Since the moment I saw her yesterday, I’ve been looking at Clementine through the sparkly prism of exhilaration that comes with any old flame. But now, for the first time, I’m not just seeing what I want. I’m seeing what my friend needs.

The door to the taxi slams shut.

“Tot, I need to borrow your car.”

“My car is nice. You’re not taking it anywhere. And what’re you talking about anyway?”

“I need to run an errand.”

“No, you need to get up here so we can find this guy Gyrich and figure out what’s really going on.”

“And I will. Right after this errand.”

I hear nothing but silence through the phone. “This is the part where you’re being stupid again, Beecher. And inconsiderate, considering how much of my time you’re wasting while you chase some girl.”

“I’m not chasing a girl.”

“So you’re not going to St. Elizabeths?” he challenges.

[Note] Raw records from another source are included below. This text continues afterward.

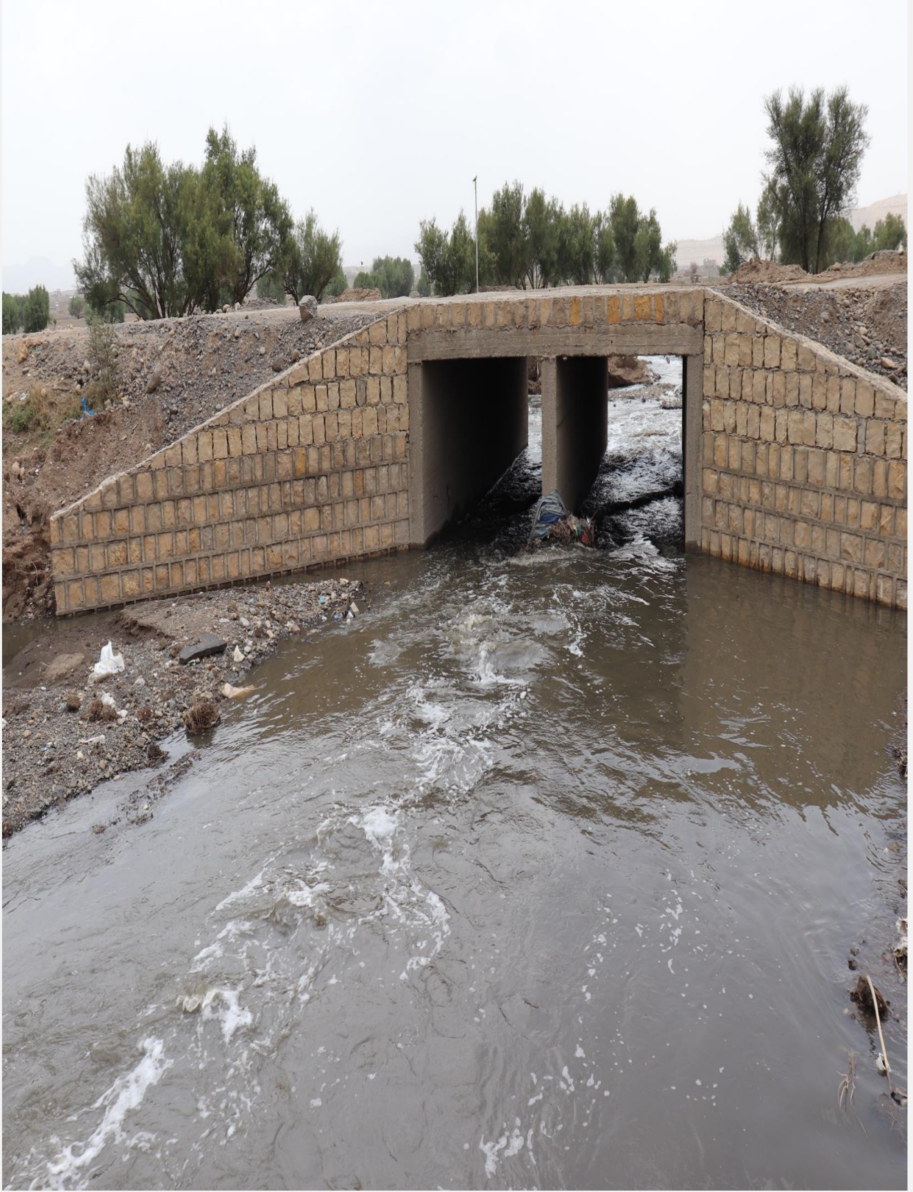
مشروع تنفيذ معالجة اضرار السيول الخط الرئيسي بني جرموز (حارة خير) مديرية بني الحارث
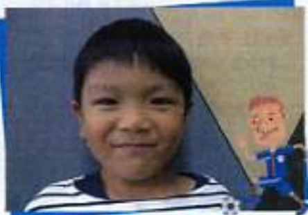
ふくい わくくん サッカー選手になりたいな
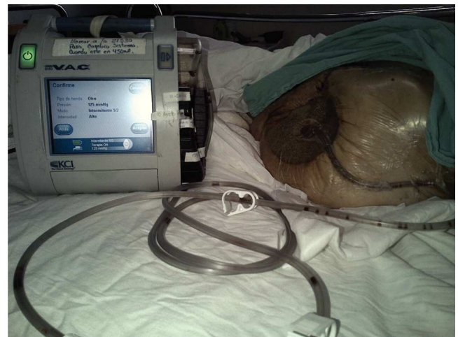
Figura 1 Terapia de presión negativa con sistema V.A.C. (Vacuum Assisted Closure) (KCI Co. U.S.A.)

La terapia de presión negativa se puede aplicar en cualquier tejido siempre y cuando esté bien vascularizado (ya que la necrosis puede ocurrir cuando se aplica en heridas isquémicas 14 ) y que la herida este libre de tejido necrótico. Las contraindicaciones son pocas pero se deben tomar en cuenta, destacan las siguientes: heridas con tejido necrótico, osteomielitis no tratada, fístulas, malignidad, aplicar directamente la esponja sobre arterias y venas expuestas. 7,15

I pause, thinking of the perfect lie. “Okay, fine. I’m going to St. Elizabeths. It’s not far from here.”

“Beecher…”

“You’re forgetting, Tot. You’re forgetting that there were three of us in that room. She was there with me-so if my life’s at risk, her life’s at risk too.”

“You don’t know that.”

“I absolutely know that-and the last time we let someone who was in that room out of our sight, Orlando showed up dead. Besides, aren’t you the one who said I should keep an eye on her… that it was too much of a coincidence that she showed up and all this went down? This is my chance to see what’s really going on. And more important than any of that, she’s about to step into what’s probably the single roughest moment of her life. How do I let her do that alone?”

Once again, the phone goes silent. It’s the last part that’s getting to him. When Tot’s wife died, he learned exactly what it feels like to face his worst moment by himself.

“That mean I can have the car?” I ask.

“Yes,” he sighs. “Let’s all be stupid.”

Twenty-four minutes and fourteen seconds later, I twist the steering wheel of the powder blue 1966 Mustang into a sharp right and pull up to the small guardhouse that sits just inside the black metal gates.

“Welcome to St. Elizabeths,” a guard with winter-grizzled lips says as he turns down the Elliot in the Morning show on his radio. Clearly, this guy’s a genius. “Visitor or delivery?”

“Actually, a pickup,” I tell him.

25

Every barber has one haircut he’ll never forget.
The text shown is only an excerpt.